# New website that will feature Breeder Listings



## LarryT (May 12, 2009)

http://www.hedgehogbreeders.org/
Still a work in progress. Free of charge to everyone,all we ask is for you to place our banner somewhere on your website to help generate traffic. We have a homemade products section too and it's also free of charge to get listed.


----------



## Sunflowerseeds (Mar 3, 2011)

This is so great, I'm super excited!


----------



## fracturedcircle (May 31, 2010)

that's great!


----------



## PJM (May 7, 2010)

Yay!! Great job Larry! I know that's a lot of extra work. Hedgie owners all over will be grateful!


----------



## tie-dye hedgie (Dec 19, 2009)

This site will be great for people all around the globe! You guys did a wonderful job!

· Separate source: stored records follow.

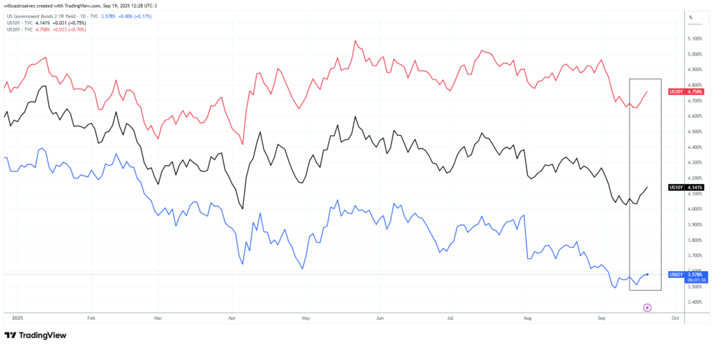 Com relação aos juros, vimos uma inversão do clássico “sobe no boato, cai no fato” — desta vez, presenciamos um verdadeiro “cai no boato, sobe no fato”. Após semanas de queda nos yields dos títulos americanos, num movimento iniciado desde o evento de Jackson Hole e reforçado pelo Payroll mais fraco, houve um ajuste: os yields voltaram a subir, mesmo após a decisão pelos cortes de juros e a perspectiva de novas reduções no futuro.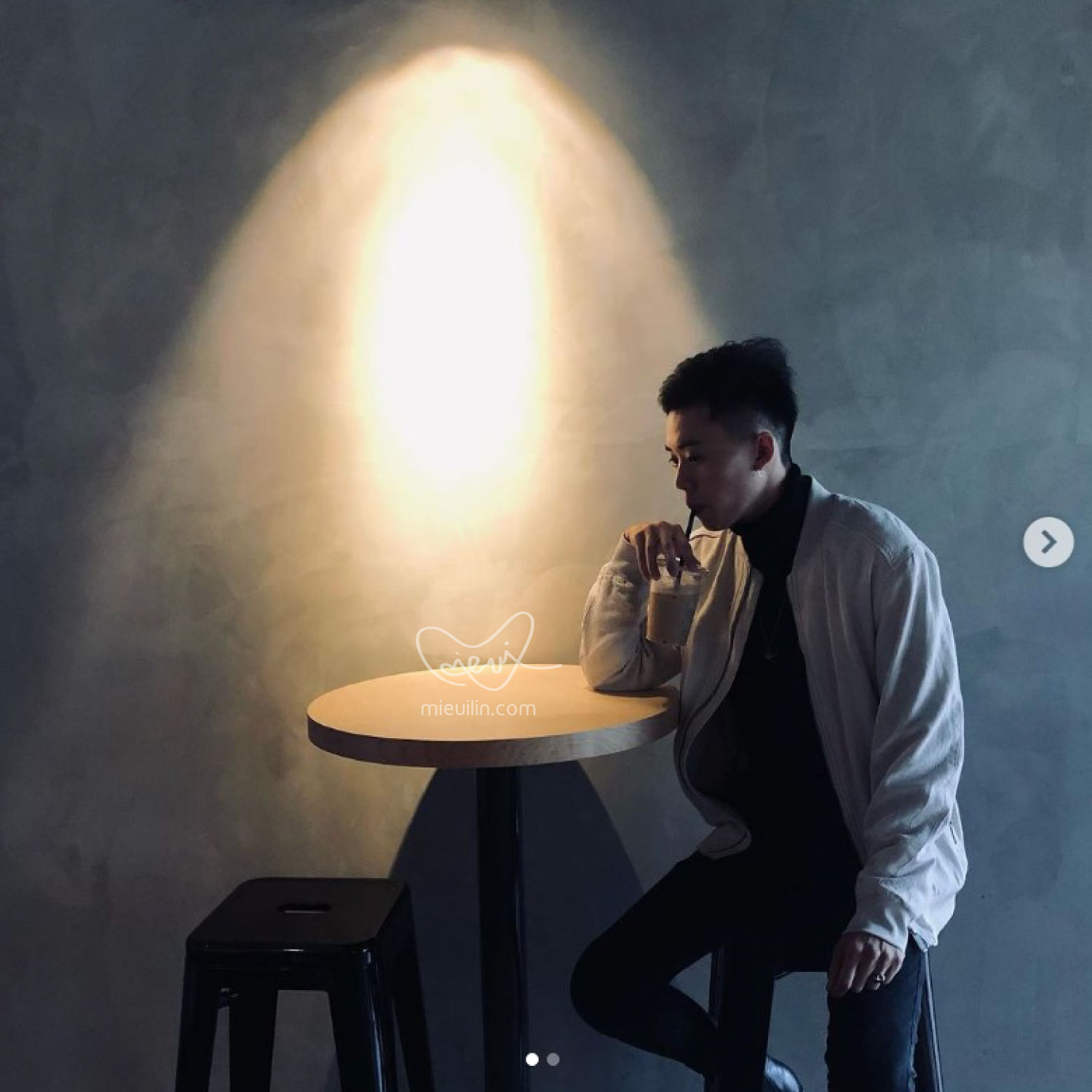 很高興我 Mieui Lin 能擔綱這次的設計師,此次包裝封面的創作靈感來源,正是〈米賀〉高雄新興加盟店 店主Ian ! 記得有一次他在社群平台Instagram上傳一張他正在喝咖啡的照片 (下圖 ) ,這種隨興又帶點惆悵、慵懶的姿態,讓我看一眼就決定,要以這張照片作為禮盒的封面人物!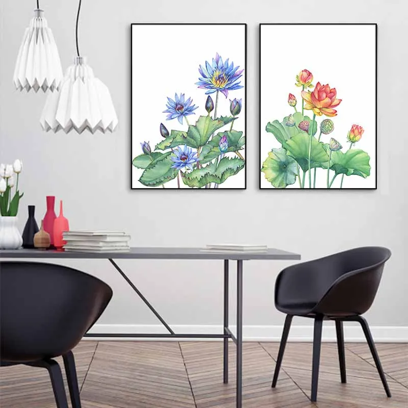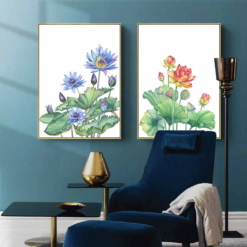 Tranh in canvas hoa sen và hoa súng.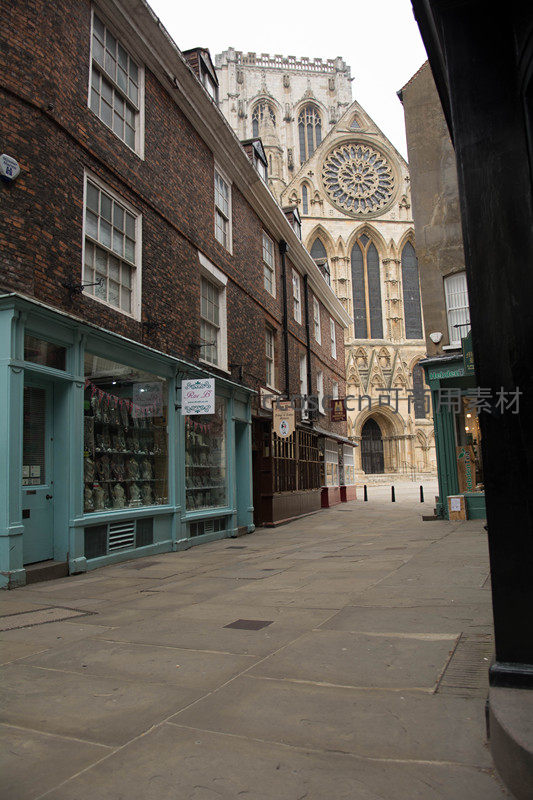 窄巷尽头矗立约克大教堂哥特式玫瑰窗立面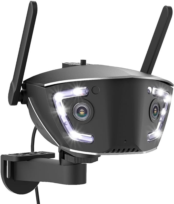 Ctronics 4MP Cámara Vigilancia WiFi Exterior 2,4/5Ghz con Doble Lente, Campo Visión 180°, Cámara IP Soporta Detección Personas/Vehículos/Mascotas, Cloud, Visión Nocturna Color, Audio Bidireccional.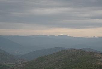 En el centro de esta foto, tomada ayer por la tarde desde el monte de Larués, puede verse la cima del Ori (Navarra) (primer 2.000 de los Pirineos desde el Océano Atlántico).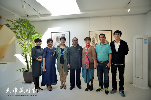 姚海峰夫妇、阎妍、刘冬梅与来宾在画展现场。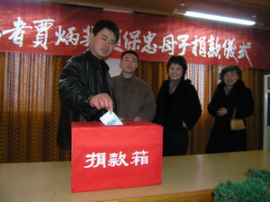 目前,向賈丙英、趙保忠母子獻愛心捐款活動仍在 進行中。圖為機關工會組織向賈丙英母子捐款活動 情景.(楊登宏)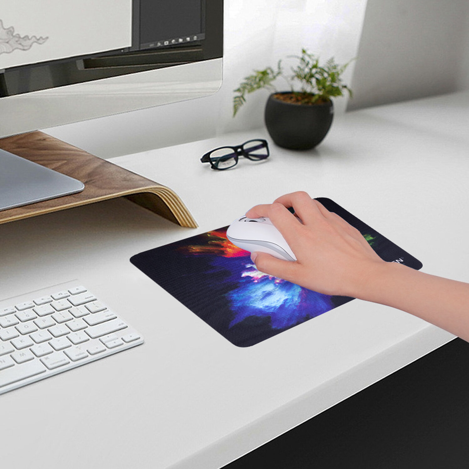 Прорезиненное основание надежно фиксирует аксессуар на столе. Благодаря компактным размерам этот привлекательный в плане дизайна коврик для мыши удобно переносить в компьютерной сумке. Коврик для мыши SONNEN "EXPLOSIVE", резина + ткань, 220х180х3 мм, 513291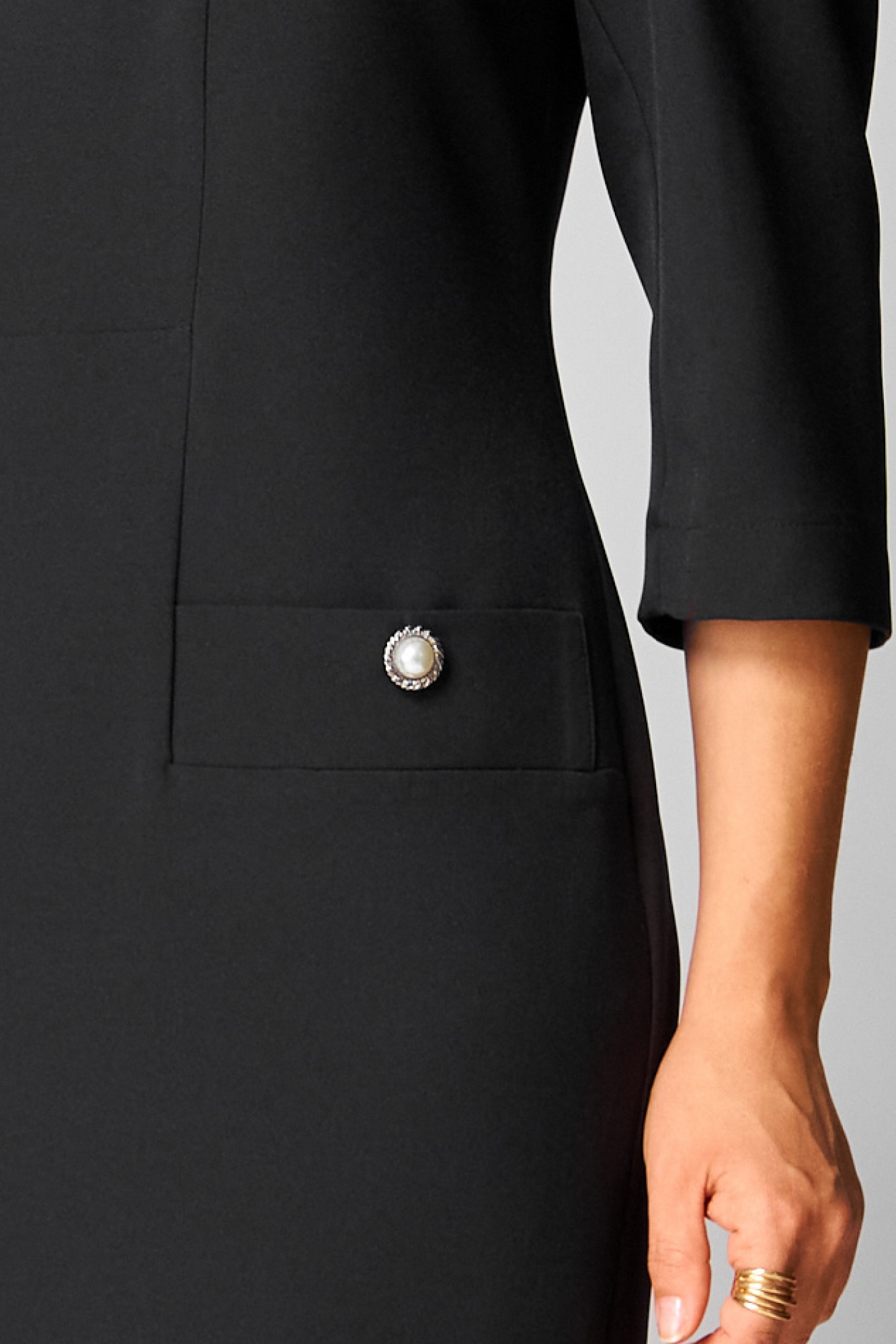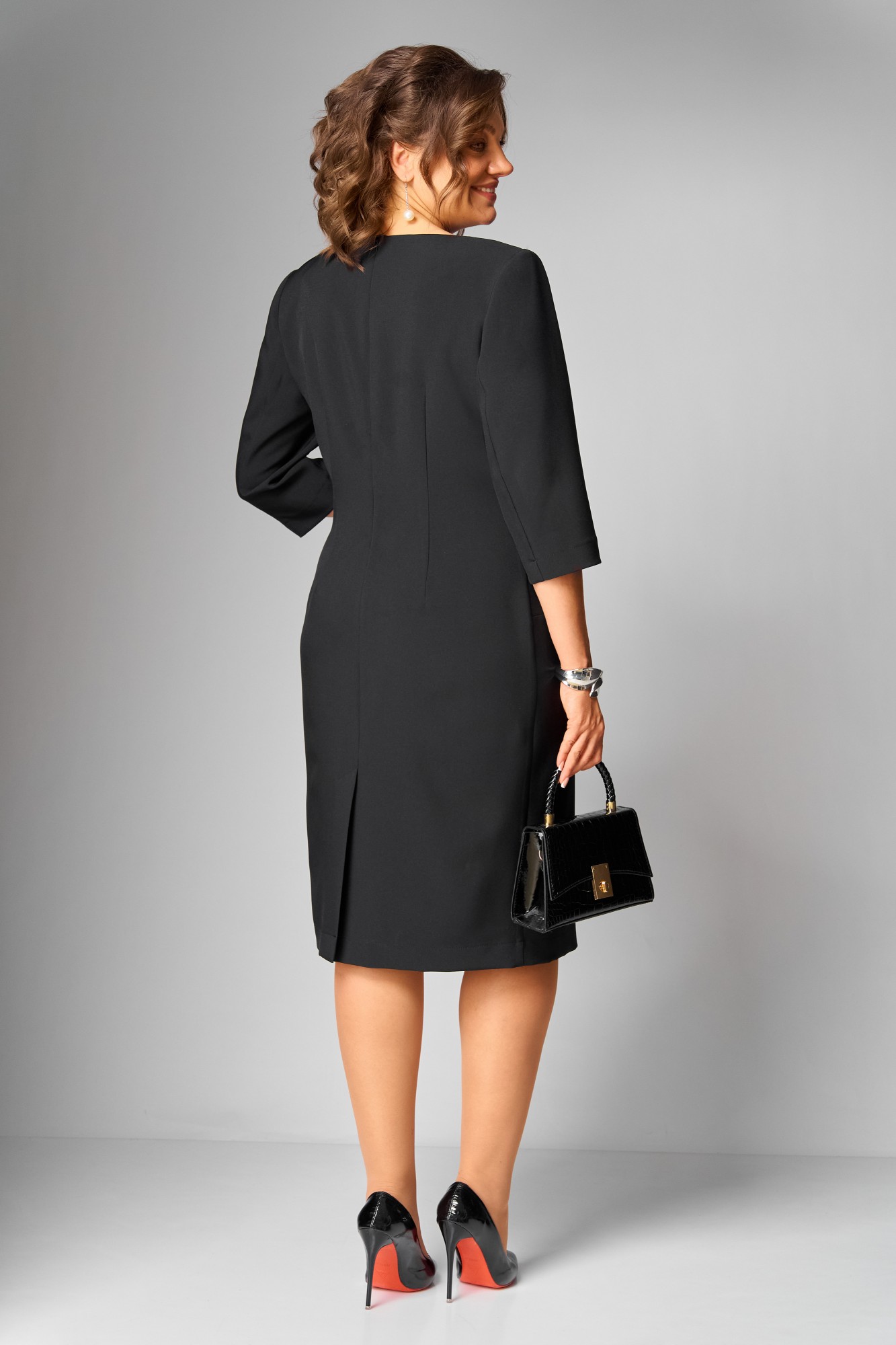 Платье женское полуприлегающего силуэта, втачного покроя с имитацией застежки по переду до подрезной линии, в бочках расположены листочки. Горловина округлой формы, рукава ¾ длины, двухшовные. Спинка со средним швом, в котором расположена тесьма «молния» и шлица, а так же вертикально направленные таллиевые вытачки. Платье выполнено из однотонной ткани костюмно-плательной группы.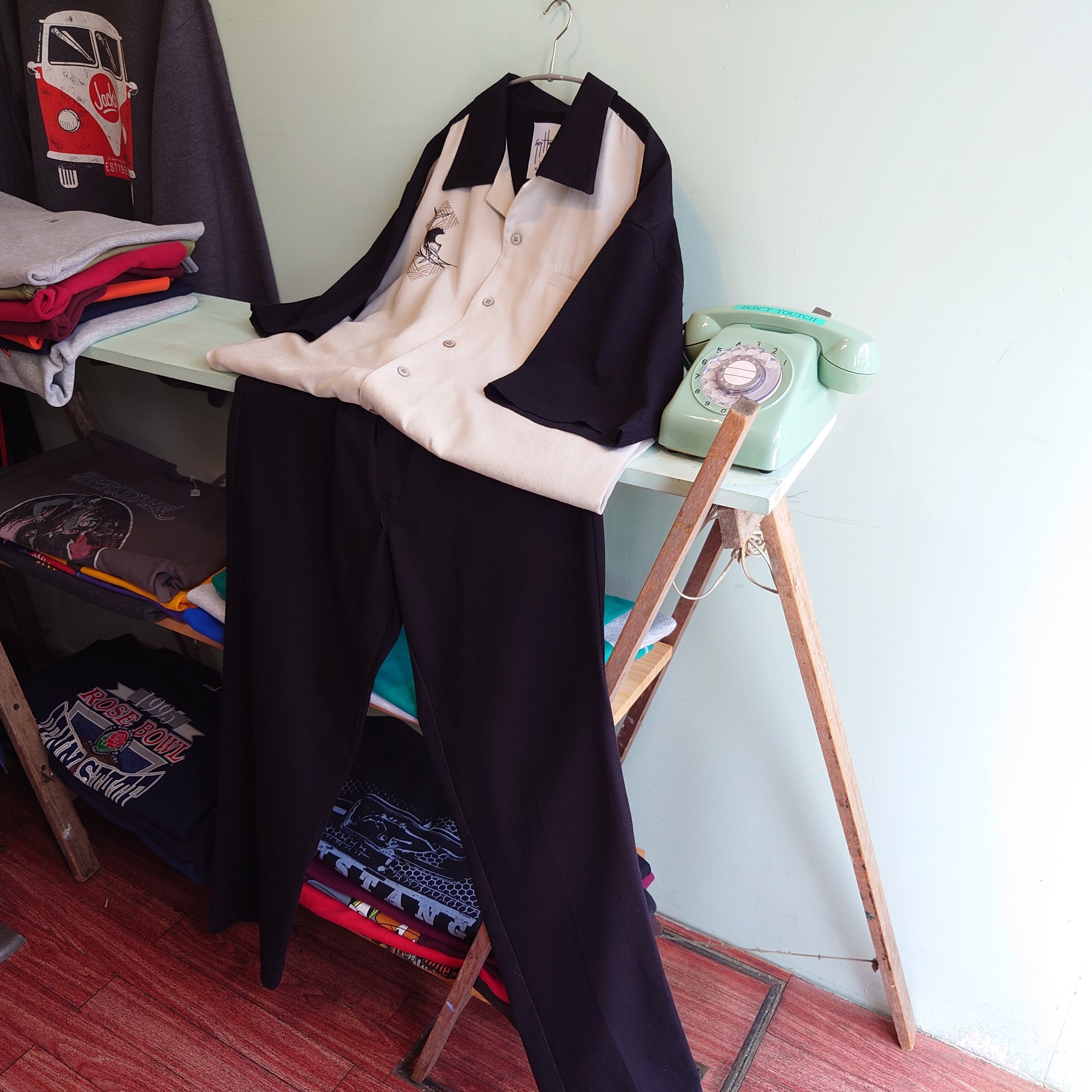 ◎GUYHARVEY AFICO 90-00s カジノシャツ フィッシングシャツ 黒白 モノトーン L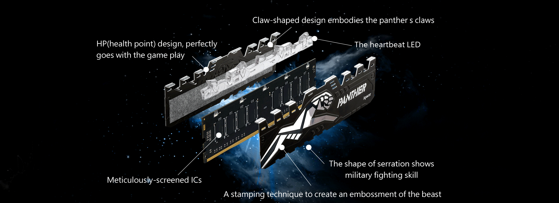 Żadna pantera nie może być ostra bez ostrych zębów. Firma Apacer opracowała ekskluzywną, opatentowaną technologię homogenizacji światła, która pozwala na bardziej ekstrawaganckie wzory oświetlenia przy jednoczesnym zachowaniu jednolitej prezentacji. Unikalnie zaprojektowany pasek oświetleniowy LED inspirowany jest chwytem pantery.

I also love the homemade hedgie products.


----------



## HappyHedgies (Feb 17, 2011)

Great Job on the website Larry! Looks excellent so far


----------



## Hedgieonboard (Nov 15, 2009)

Great job Larry  I know that had to be a ton a work but its super appreciated.


----------



## RalphsMum (Oct 14, 2010)

Good job Larry!


----------



## LarryT (May 12, 2009)

Anyone making hedgehog related products can be added to this page
http://www.hedgehogbreeders.org/hedgehog-products.html A banner and website/page are required to get listed.
Also plenty of room for any good breeders that would like to be listed, website is required.


----------



## ShutUpAndSmile (Mar 7, 2011)

Good job larry  Looks great ^-^


----------



## Quinn (Apr 24, 2011)

Great job and idea! It makes me wish I was getting another hedgie. But that won't be happening any time soon.


----------